Fighting for personal privacy, New York legislators are calling out a secret deal between the Federal Bureau of Investigation (FBI) and police departments that provided military-grade IMSI (International Mobile Subscriber Identity) catchers – called “Stingrays” – to snoop on citizens’ cell phone locations – without a warrant.
Warrantless search is protected by the Fourth constitutional amendment yet the federal government has failed to outlaw the use of this illicit surveillance-state tool:
“The right of the people to be secure in their persons, houses, papers, and effects, against unreasonable searches and seizures, shall not be violated, and no Warrants shall issue, but upon probable cause, supported by Oath or affirmation, and particularly describing the place to be searched, and the persons or things to be seized.”
StingRay use has been on the up and up throughout local and federal law enforcement with barely any – if any – protectionary oversight. States are taking issue with that problem. In California, the San Bernardino Police Department used its StingRay 300 times without a warrant in just over a year.
A shoebox-sized Stingray (the brand sold by Harris Corporation) collects information from cell phones by mimicking a wireless carrier cell tower and forcing all nearby WiFi cellular data devices to connect to it. The box gives police the power not only to collect your cell phone’s location as well as your incoming and outgoing calls but it can also intercept the content of voice conservations and text messages.
Law officers have abandoned law to go after what they call order – without your prior knowledge or consent and with no regard to the Law of the Land.
Seven years ago, the Electronic Frontier Foundation (EFF) and the American Civil Liberties Union (ACLU) submitted an amicus brief in United States v. Rigmaiden involving Fourth Amendment rights in the home and using cell phones which compared underhanded police evidence collection to the door-to-door searches with no probable cause or even suspicion of wrongdoing conducted by Pre-Revolutionary War British soldiers.
In Rigmaiden, the government asked a federal judge in Northern California to order Verizon to assist in locating the defendant (dubbed the “Hacker”), a suspected participant in a tax fraud scheme. After the judge granted an order directing Verizon to provide the location information on an Aircard thought to belong to the defendant, the government claimed this authorization somehow included using its own Stingray.
The culprit was caught based on the cell records gleaned by the Stingray – but personal data of every other innocent cell phone user within range of the eavesdropping device was also collected.
Richard Tynan, a technology expert with Privacy International, observed that “there really isn’t any place for innocent people to hide from a device such as this.”
The U.S. government was developing this surveillance technology around 1995. The first civilian law enforcement agency to use it illegally on civilians occurred in 2007, followed by the New York City Police Department (NYPD) in 2008.
Today, Stingray-type devices are used by local and state law enforcement personnel across the United States, Canada, and the United Kingdom. The suite of StingRay devices can be mounted in vehicles, on airplanes, helicopters, and drones. Hand-carried versions are sold under the trade name KingFish.
The New York Civil Liberties Union came out in support of A.8055, a bill introduced by Assemblymember Sean Ryan in 2015 that required law enforcement to obtain a court-issued warrant before using stingray surveillance technology.
In 2017, The Washington, D.C. Court of Appeals reached a landmark pro-privacy decision that reversed the lower decision of the Superior Court of the District of Columbia and overturned the conviction of a robbery and sexual assault suspect. The ruling said that using Stingrays “to locate a person through his or her cellphone invades the person’s actual, legitimate and reasonable expectation of privacy in his or her location information and is a search.”
A year later, in June 2018, the United States Supreme Court issued another landmark ruling in favor of citizen privacy. In Carpenter v. US, police had tracked the plaintiff’s cell site location data for several months. The decision banned the use of historical location information by law enforcement.
A second 2018 case in Massachusetts Commonwealth v. Almonor expanded the federal ruling to prohibit real time location blanket surveillance by police.

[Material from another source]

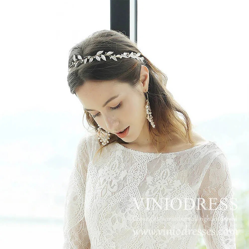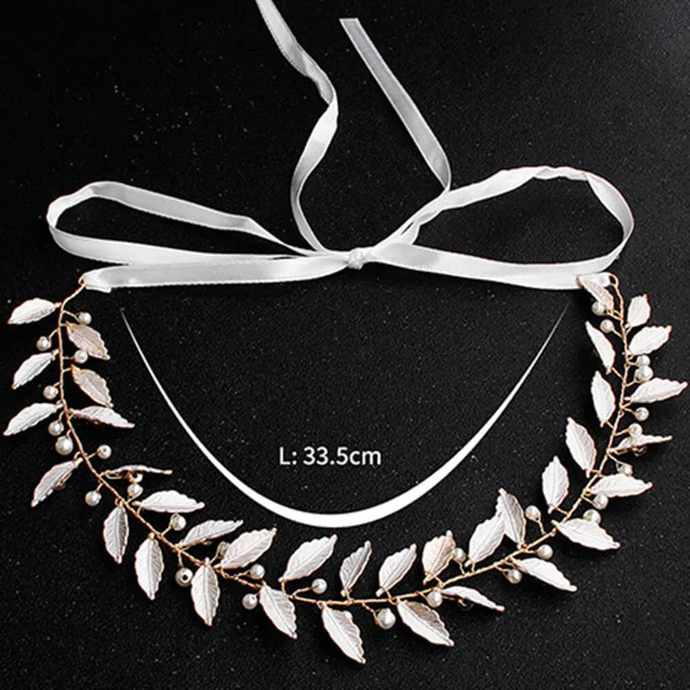 Esta hermosa y sencilla diadema presenta hojas de laurel de metal y ramitas de perlas trenzadas a mano.

This past May 2019, Michigan legislators introduced a bill to ban warrantless searches by Stingray tech and the collection of electronic data stored by service providers. On May 22, GOP Senator Pete Lucido introduced Senate Bill 341 titled The Electronic Information and Data Privacy Act. This law has three requirements:
- A law enforcement agency must obtain a search warrant to access certain electronic information or data
- To prescribe the manner in which certain electronic information or data may be accessed or used
- To require notification to the owner or user of the electronic information, data, or electronic device that the electronic information, data, or electronic device has been accessed; and to provide remedies
As more people find out about the sneaky conspiracists at the FBI promoting illegal StingRay technology to the nation’s police, look for an increased in legislation crafted to protect personal privacy, to maintain public trust in law enforcement, and to hold the criminal justice system accountable for upholding the U.S. Constitution.